## Problem to solve
Where the listing below reaches the line containing "Srinagar (20 km)", start writing out lines exactly, and stop once the line containing "Panneau de signalisation" has been written.

## Data shown

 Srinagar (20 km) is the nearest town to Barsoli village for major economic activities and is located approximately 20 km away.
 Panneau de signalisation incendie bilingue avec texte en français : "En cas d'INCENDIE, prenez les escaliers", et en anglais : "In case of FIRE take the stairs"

...

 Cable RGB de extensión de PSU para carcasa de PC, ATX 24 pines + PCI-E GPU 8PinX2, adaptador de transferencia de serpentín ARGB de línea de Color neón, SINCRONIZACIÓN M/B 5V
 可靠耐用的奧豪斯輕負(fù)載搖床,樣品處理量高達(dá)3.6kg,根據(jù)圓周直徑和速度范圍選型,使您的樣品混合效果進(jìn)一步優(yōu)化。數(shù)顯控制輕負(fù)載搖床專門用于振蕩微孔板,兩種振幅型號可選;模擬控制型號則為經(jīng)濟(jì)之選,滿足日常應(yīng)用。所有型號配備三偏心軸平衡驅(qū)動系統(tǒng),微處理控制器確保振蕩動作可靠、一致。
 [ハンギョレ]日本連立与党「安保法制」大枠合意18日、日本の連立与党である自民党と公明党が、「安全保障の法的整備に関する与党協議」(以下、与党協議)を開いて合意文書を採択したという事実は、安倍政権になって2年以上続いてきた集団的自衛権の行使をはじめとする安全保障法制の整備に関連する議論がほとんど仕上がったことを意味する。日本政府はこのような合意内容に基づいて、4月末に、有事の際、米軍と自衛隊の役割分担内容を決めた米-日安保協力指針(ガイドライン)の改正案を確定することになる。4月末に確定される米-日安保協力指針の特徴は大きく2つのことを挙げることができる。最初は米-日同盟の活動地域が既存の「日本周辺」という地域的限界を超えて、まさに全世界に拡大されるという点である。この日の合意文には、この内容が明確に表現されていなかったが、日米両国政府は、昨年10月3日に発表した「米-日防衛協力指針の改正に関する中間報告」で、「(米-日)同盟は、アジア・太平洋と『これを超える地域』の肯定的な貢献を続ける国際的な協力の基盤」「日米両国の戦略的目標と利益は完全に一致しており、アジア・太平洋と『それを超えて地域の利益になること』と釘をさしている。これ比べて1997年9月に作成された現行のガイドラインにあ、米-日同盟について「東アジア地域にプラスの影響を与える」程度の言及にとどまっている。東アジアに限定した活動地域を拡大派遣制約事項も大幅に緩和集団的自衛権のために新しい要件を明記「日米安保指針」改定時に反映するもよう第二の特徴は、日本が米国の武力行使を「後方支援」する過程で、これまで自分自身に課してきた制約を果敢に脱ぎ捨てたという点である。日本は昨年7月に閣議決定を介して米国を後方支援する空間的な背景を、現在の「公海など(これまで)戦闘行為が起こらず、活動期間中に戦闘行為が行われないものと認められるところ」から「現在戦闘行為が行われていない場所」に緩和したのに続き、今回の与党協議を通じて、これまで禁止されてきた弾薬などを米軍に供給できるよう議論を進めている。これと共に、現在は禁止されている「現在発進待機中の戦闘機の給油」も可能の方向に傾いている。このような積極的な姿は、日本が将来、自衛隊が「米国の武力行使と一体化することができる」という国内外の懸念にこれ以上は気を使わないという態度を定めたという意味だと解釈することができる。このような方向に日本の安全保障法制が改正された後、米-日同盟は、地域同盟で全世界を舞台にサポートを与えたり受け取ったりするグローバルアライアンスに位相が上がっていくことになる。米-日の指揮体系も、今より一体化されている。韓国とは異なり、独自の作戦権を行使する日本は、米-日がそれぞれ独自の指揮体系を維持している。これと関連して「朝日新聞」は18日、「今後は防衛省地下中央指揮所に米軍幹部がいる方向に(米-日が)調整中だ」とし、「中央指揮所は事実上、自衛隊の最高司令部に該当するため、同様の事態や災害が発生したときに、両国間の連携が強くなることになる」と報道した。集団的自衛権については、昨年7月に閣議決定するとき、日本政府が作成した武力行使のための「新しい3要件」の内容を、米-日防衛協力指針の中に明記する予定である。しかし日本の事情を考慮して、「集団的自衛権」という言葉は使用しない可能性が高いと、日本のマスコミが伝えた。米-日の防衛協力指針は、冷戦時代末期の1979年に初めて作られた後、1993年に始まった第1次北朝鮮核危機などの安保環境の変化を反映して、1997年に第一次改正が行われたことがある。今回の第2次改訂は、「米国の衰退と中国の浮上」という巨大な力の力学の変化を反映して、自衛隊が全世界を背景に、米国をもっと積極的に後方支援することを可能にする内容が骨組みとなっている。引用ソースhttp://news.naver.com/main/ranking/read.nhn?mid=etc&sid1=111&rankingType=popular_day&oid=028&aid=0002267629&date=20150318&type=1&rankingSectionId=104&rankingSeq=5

## Task result
 Srinagar (20 km) is the nearest town to Barsoli village for major economic activities and is located approximately 20 km away.
 Panneau de signalisation incendie bilingue avec texte en français : "En cas d'INCENDIE, prenez les escaliers", et en anglais : "In case of FIRE take the stairs"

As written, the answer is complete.